# Exercise objective
What you give must be the lines from the one containing "Cauliflower 'Bermeo F1'" through the last line of the listing below, exactly, with nothing else and no pictures.

# Source data
━━━━━━━━━━━━━━━━━━━━━━━━━━━━━━
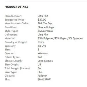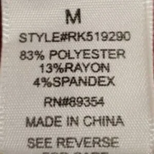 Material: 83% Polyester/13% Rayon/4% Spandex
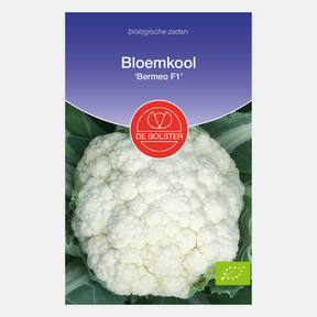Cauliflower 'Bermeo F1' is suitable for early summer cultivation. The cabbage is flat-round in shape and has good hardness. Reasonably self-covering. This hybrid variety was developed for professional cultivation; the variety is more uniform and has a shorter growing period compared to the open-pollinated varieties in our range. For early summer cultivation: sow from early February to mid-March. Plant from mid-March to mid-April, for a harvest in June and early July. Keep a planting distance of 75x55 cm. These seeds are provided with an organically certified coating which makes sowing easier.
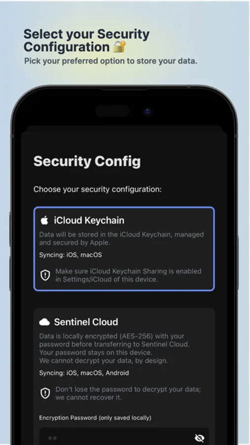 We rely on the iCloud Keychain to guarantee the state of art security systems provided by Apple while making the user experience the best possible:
━━━━━━━━━━━━━━━━━━━━━━━━━━━━━━
# Result below
Cauliflower 'Bermeo F1' is suitable for early summer cultivation. The cabbage is flat-round in shape and has good hardness. Reasonably self-covering. This hybrid variety was developed for professional cultivation; the variety is more uniform and has a shorter growing period compared to the open-pollinated varieties in our range. For early summer cultivation: sow from early February to mid-March. Plant from mid-March to mid-April, for a harvest in June and early July. Keep a planting distance of 75x55 cm. These seeds are provided with an organically certified coating which makes sowing easier.
 We rely on the iCloud Keychain to guarantee the state of art security systems provided by Apple while making the user experience the best possible:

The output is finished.